お気に入りのチキン燻製ハムをケースから出してもらった後、お菓子コーナー経由でレジ方向に向かうと、レジでは店のオーナー(女性)と客が激しくバトル中。息子とお菓子を選びつつ聞き耳を立てていると(というより嫌でも耳に入ってくる>汗)、最初はお釣りの間違えでお金を返す返さない、というのが口論の理由なのかと思ったら、直にその客である女性が食品数点を万引きしたらしいという事が明らかになってきました。勿論容疑者である女性は罪を認めるはずもなく「家で子どもが心配しているから店から出せ」「出さぬ」の押し問答でバトルは益々加熱。でも、オーナーの言い分が「あんたを今店から出したら皆に私が万引きの濡れ衣を着せた嘘つきだって街中にデマを吹聴するつもりでしょう。だから出さないわ」って、あなたこの言い争いは万引きを明らかにするのが目的なんですか、それとも保身の為なんですか?
一体いつまで続くか分らないこのバトル、息子にとっても客とオーナーが罵声を浴びせ合っている中に身を置くのは良くない事ですし、私もさっさと会計を済ませて5時までには家に戻りたいけど、店唯一のレジは事体が収拾するまで次の会計が出来ない状態。「後で会計と荷物引取りに来ますから、籠の中の品物をこのままにしておいてください」と言い残して早々に店を出ようと何度思ったことか。でも、この状況下ヘタに外野から口出しできないし、私達が外に出るのを見計らって容疑者の女性が逃走する事も考えられるので(既にドアの前で押し合いが始まってるし)、これは状況に一区切りつかないと出られないな、と断念。
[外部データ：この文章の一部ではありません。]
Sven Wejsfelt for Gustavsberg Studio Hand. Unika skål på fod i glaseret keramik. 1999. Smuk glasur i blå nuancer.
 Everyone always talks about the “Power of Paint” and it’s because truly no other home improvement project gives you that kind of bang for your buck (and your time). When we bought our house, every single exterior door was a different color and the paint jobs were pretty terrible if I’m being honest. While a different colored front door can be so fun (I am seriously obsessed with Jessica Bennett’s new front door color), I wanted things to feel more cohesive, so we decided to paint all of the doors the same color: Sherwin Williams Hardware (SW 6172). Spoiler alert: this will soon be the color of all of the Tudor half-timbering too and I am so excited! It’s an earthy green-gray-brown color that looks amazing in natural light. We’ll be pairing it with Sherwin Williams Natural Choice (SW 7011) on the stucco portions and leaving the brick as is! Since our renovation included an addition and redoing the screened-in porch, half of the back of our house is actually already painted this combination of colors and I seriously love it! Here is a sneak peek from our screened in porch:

そしてついに両者の緊張は沸騰点まで達したらしく、オーナーはダンナさんを警察を呼びに行かせる事にしました。しかもオーナーは自分のカバンから鍵を取り出し、「ガチャリ」と店のドアを施錠してしまいました。ダンナさんが警察官を連れてきて事情聴取が始まったら私達は外に出られるのでしょうか?もしかして店内にいた参考人として私も事情聴取されるのかも??本当になんてタイミングで来店してしまったのでしょうか?こんな事ならトイレットペーパーのかさばりなんて気にせずに先に買い物をしておくべきだった、いやトイレットペーパーはあと1ロール残っているから今買う必要なんてなかったのかも。こんな最悪な環境の中でも幸い息子はおびえて泣いたりする事なく、黙々と値段付けをしている店員さんに声をかけてみたり、一応尋常じゃない事が起こっているのは理解しつつ彼なりに気をそらしていたようです。私も息子の関心を他に向けるために、店内の色々な商品を見せたりしてたのですが、そんな中パンナコッタの素を見つけ、予定外の買い物をする事になってしまいました。(^^;)無駄な買い物はともかく、誰が私達をこの状況から救ってくれるの?この世はまさに大迷惑(By ユニコーン)
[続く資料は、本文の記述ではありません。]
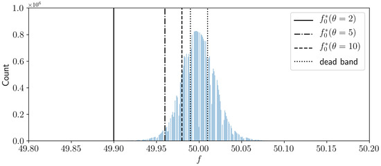 With a VPP of bidirectional chargers only, we can operate symmetrically around according to Equation (1). This means that the VPP is idle at (=50 Hz). It charges in the upper half of the frequency spectrum and discharges in the lower half. As the distribution is mostly symmetric, we also roughly need to discharge half of the time.
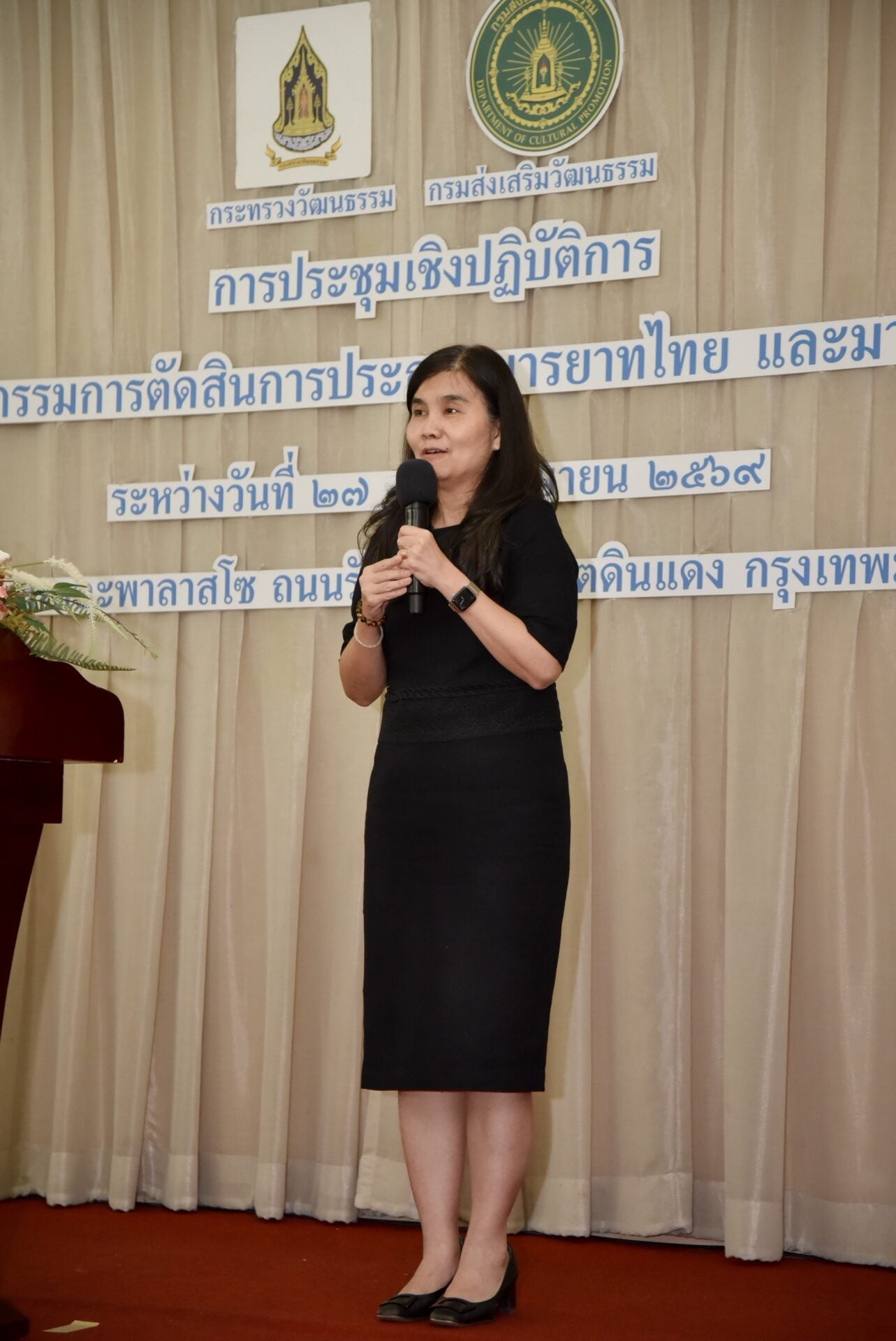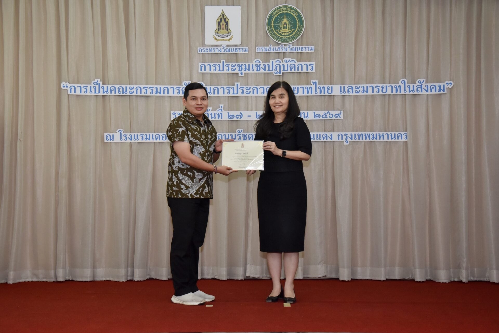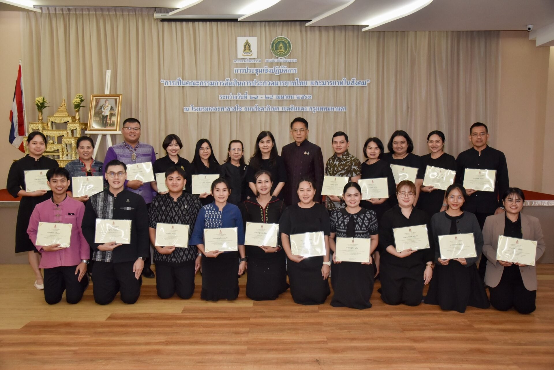วันที่ 28 เมษายน 2569 เวลา 15.00 น. นางยุถิกา อิศรางกูร ณ อยุธยา อธิบดีกรมส่งเสริมวัฒนธรรม เป็นประธานในพิธีมอบเกียรติบัตร พร้อมกล่าวแสดงความยินดีและให้โอวาทแก่ผู้ผ่านการประชุมเชิงปฏิบัติการ “การเป็นคณะกรรมการตัดสินการประกวดมารยาทไทย และมารยาทในสังคม” โดยมีนายบันเทิง เพียรค้า ผู้อำนวยการกลุ่มค่านิยมและความเป็นไทย รักษาราชการแทนผู้อำนวยการสถาบันวัฒนธรรมศึกษา พร้อมด้วยวิทยากร 4 คน ได้แก่ นางสาวจุฑามาศ ใหญ่คุ้ม นายวินัย วรวัตร์ นางสาวจันทนา บุญบรรดาล และนางมงคลทิพย์ รุ่งงามฤกษ์ ตลอดจนผู้เข้าร่วมประชุมจากสำนักงานวัฒนธรรมจังหวัดทั้ง 76 จังหวัดทั่วประเทศ และบุคลากรกรมส่งเสริมวัฒนธรรม เข้าร่วม ณ โรงแรมเดอะพาลาสโซ ถนนรัชดาภิเษก เขตดินแดง กรุงเทพมหานคร
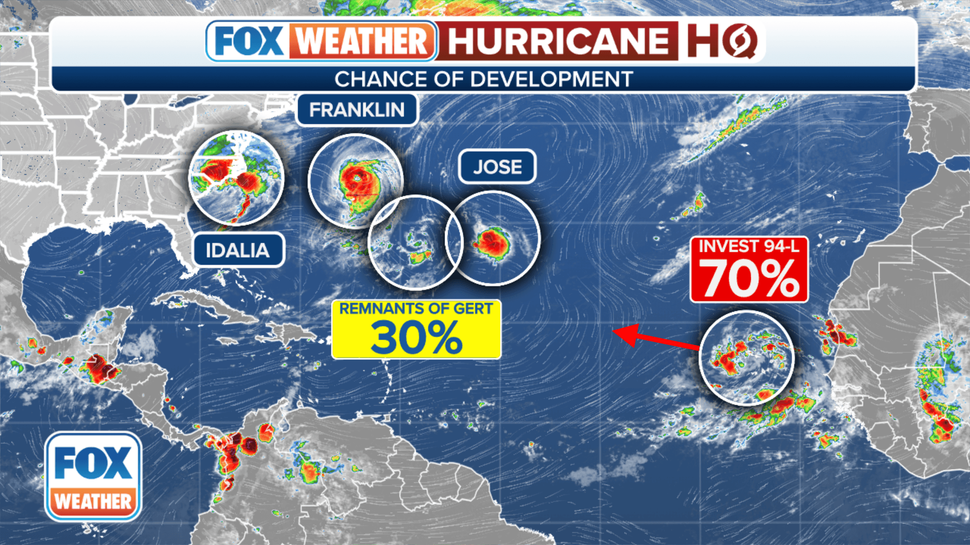Après avoir atteint temporairement la catégorie 4 avant de toucher terre sur la Floride, Idalia a été rétrogradée au stade de tempête tropicale ce jeudi 31 août 2023. Au dessus de l'Atlantique, l'ouragan Franklin poursuit sa route en direction du nord-est, sans représenter de menace pour les terres. Il était en catégorie 2 ce jeudi 31 août, après avoir atteint la catégorie 4 les 28 et 29 août. Par ailleurs, la tempête tropicale Jose circule actuellement plus au sud-est sur l'océan. On note aussi une onde tropicale (restes de la tempête tropicale Gert) plus au sud.

そんな中ダンナさんが警察を連れずに店に戻ってきました。そしてまた「やった」「やってない」とバトルは1からやり直しです。幸い私達の会計もできるようになりましたが、支払いを済ませる間も両者の押し合いであやうく息子にまでぶつかるところでした。お人よしにも事体の沈静化を見守っていた私もさすがに「ちょっとあぶないでしょう!気をつけなさいよ」と口を挟みました。やっとの事で会計が済み、私達が外に出る為にオーナーがドアを開けましたが、「もめ事に巻き込んでしまってごめんなさい」でも「会計待たせてごめんなさいね」でもありません。まさか私達がバトルの傍らで楽しく買い物してると勘違いして、散々会計を待っていたとは思いもしなかったのでしょうか?「日本じゃないんだから、店員がペコペコカスタマーに頭を下げる事はないよ」とメンタリティーの違いを指摘されるかもしれませんが、日本人程容易に謝罪の言葉を口にしないとはいえ、こちらの人だって普通の感覚をもっていれば本当に他人に迷惑を掛けたり悪いと思った時には謝る位の事はします。
客とのトラブルなら事務所で当人同士気の済むまで話し合えば済む事で、他の客を巻き込むなんて客商売として論外ではないでしょうか?
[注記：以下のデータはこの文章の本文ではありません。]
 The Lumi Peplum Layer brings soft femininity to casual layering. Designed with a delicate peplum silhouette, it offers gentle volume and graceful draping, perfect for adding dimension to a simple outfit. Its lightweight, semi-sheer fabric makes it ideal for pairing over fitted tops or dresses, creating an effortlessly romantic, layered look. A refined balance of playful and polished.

この事件で大きく時間をロスした為、石炭が届く時間には間に合いませんでしたが、夫に支払いの際一応置き場所を指定するようにお願いしておいた事と、丁度お隣の人が外にいて説明してくれたようなので問題はありませんでした。
ちなみに石炭といえば、去年注文した会社は故意に注文の量(トン単位です)よりも少なめに配達したという事で多くの顧客を失いました。客商売は何より信用第一。客を大事にしない店や企業に未来はありえません。


この記事へのコメント
とんだ災難でしたが、無事石炭が手に入ってよかったですね。アポ取り直してまた家で待たなきゃならなかったら怒り倍増ですもんね。
それにしても、ヨーロッパ人全体にいえることじゃないかと思いますが、変なところユルいのに妙なところで厳しいというか頑なになりますよね。食品を万引きしようとした客1人のために他の客全部無視なんて、よほど万引犯に対する怒りに頭が一杯で外に気が向かなかったんでしょうけど、そういう怒りのツボって少し日本人とずれてるような気がします。うっかりそれに触れるとおおごとなので、とにかくその場はおとなしくしてるしかない、というか。文句(正論でも)を言えばとばっちりが来るし、黙ってるのも納得できないし、その辺のバランスって難しいですよね。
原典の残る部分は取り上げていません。